Auditory Processing Therapy:  Children with an auditory processing deficit have difficulty understanding language, as evidenced by the following behaviors: short term memory difficulties, confusion, and difficulty following multi-step directions, inattention, hyperactivity, impulsivity, increased response time, and difficulty comprehending questions to formulate appropriate responses. By targeting auditory number and word memory, immediate recall, delayed recall, auditory sentence memory, auditory interpretation of directions, word discrimination and thinking and reasoning, the child’s ability to process auditory information can become more efficient. Gardner (1996).

Preschoolers Acquiring Language Skills (PALS):  These are center-based activities with parents as partners.  Child centered, small-group language facilitation classes  with parent education.  Works cited by Carol Buteau and Kathryn Konhert (2000)

Visual Schedules:  This visual treatment approach assists in organizing the world, DSCF0025predicting events, understanding expectations, anticipating changes in routine making choices, and functional independence.  By presenting pictures of the scheduled activities for the session, the child naturally becomes less anxious and more aware of behavioral expectations.

Stutter-Free Speech, Fluency Shaping, The Fluency Development System for Young Children:  It is important to not only improve the client’s smoothness of speech by teaching strategies of easy onset, pull-IMG_3517outs, pausing, and slow and easy speech, but also to address the socio-emotional aspects resulting from the dysfluency.  Cites referenced by Charles Van Riper (1980), Ryan and Ryan (1983), Meyers and Woodford (1991).

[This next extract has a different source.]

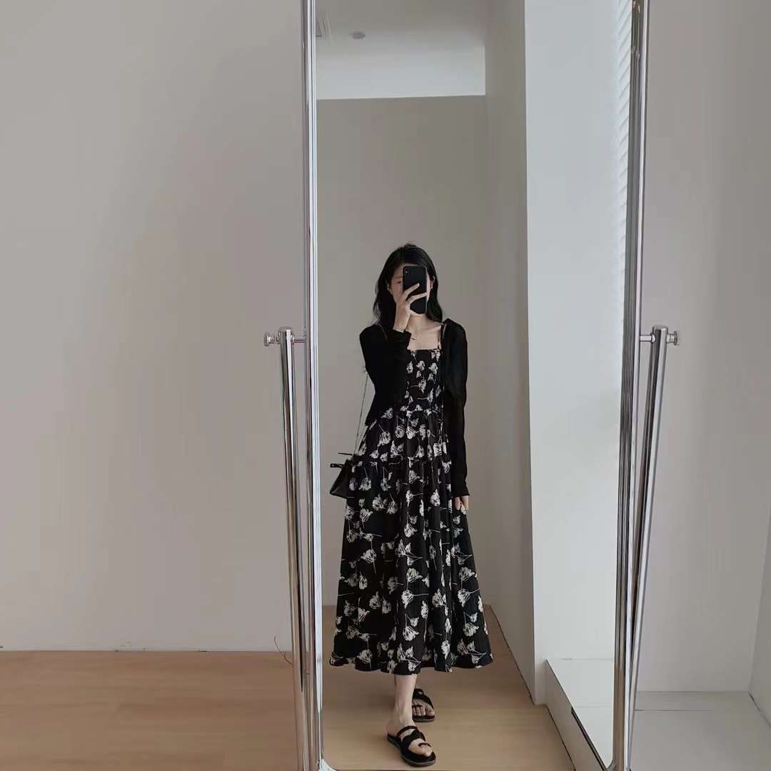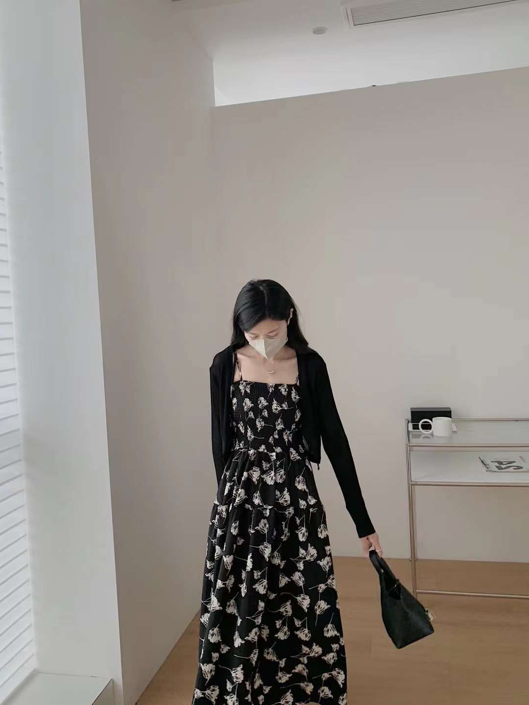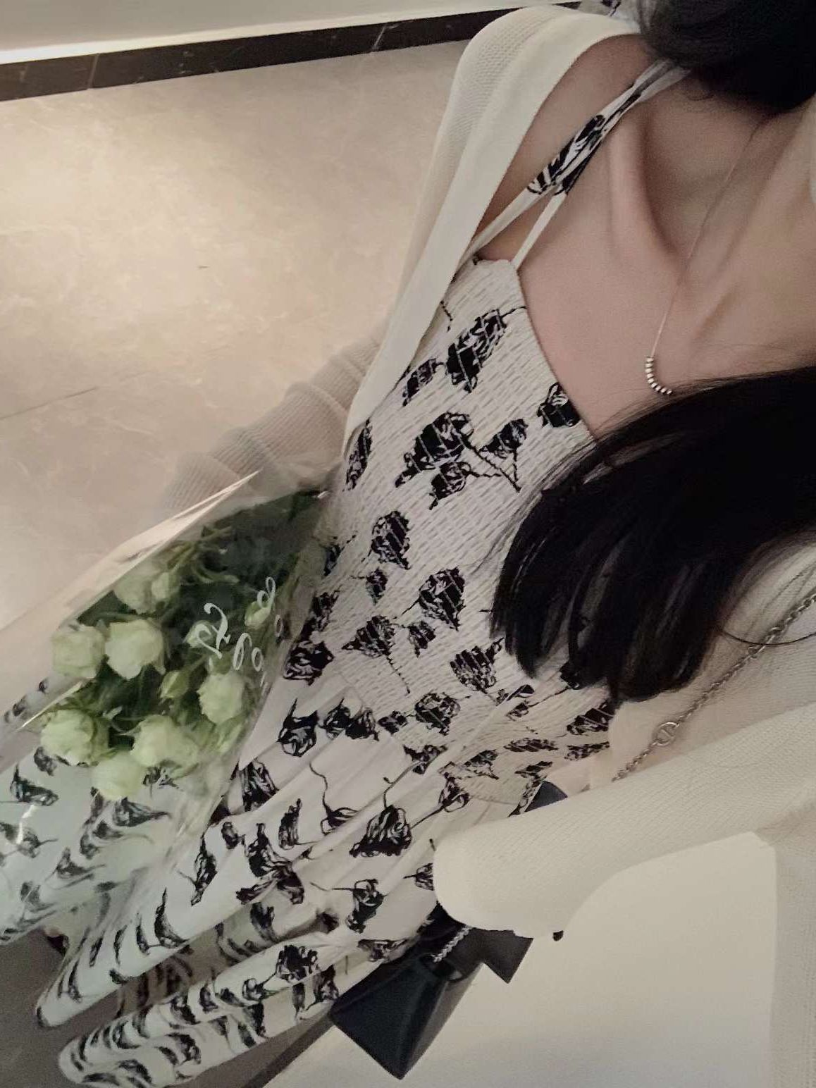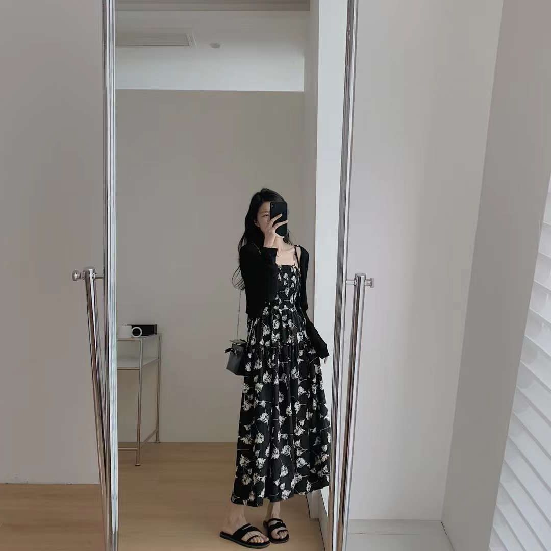 Aiyixuan 차 휴식 프랑스 꽃 슬링 원피스 여자의 여름 고급 기질 슬리밍 세트스토어 가기

The following are some of the therapy techniques that Coastal Speech Therapy’s therapists specialize in:

ABA and PECS  trained for children on the Autism and Asperger’s Spectrum.

Apraxia (P.R.O.M.P.T. Trained)

Oral Motor Specialist (Attended courses taught by Pam Marshalla, Sara-Rosenfeld Johnson, Char Boshart).

Reading Disorder Specialists (Lindamood Bell Trained i.e., Lips and Visualization and IMG_3028Verbalization V V)

Auditory Processing Trained (Fast ForWord and Lindamood Bell)

Stutter-Free Speech and Fluency Shaping Trained

Social Skills Training Through Workshops by Michelle Garcia Winner

Floortime Trained (Attended courses which taught Greenspan)

5 Responses to Pediatric Models of Intervention

  1. WilliamKn says:

    Very neat post.Really looking forward to read more. Awesome. Parlor

    • Molly B. Stuckey M.A. CCC-SLP/Owner says:

      Hello William, Thank you for reading our post! We will continue to provide helpful and useful parent literature.
      Warmly, Molly B. Stuckey MA CCC SLP/Owner

    • admin says:

      Hello William,
      Thank you for your kind words. We will be posting more information on emotional regulation and self-calming strategies for children.
      With the Warmest Regards,
      Molly Stuckey MA CCC SLP/Owner

  2. Great content, very useful information. Thank you for sharing.

    • admin says:

      Hello Sai,
      I am so happy that we were able to provide helpful information for you.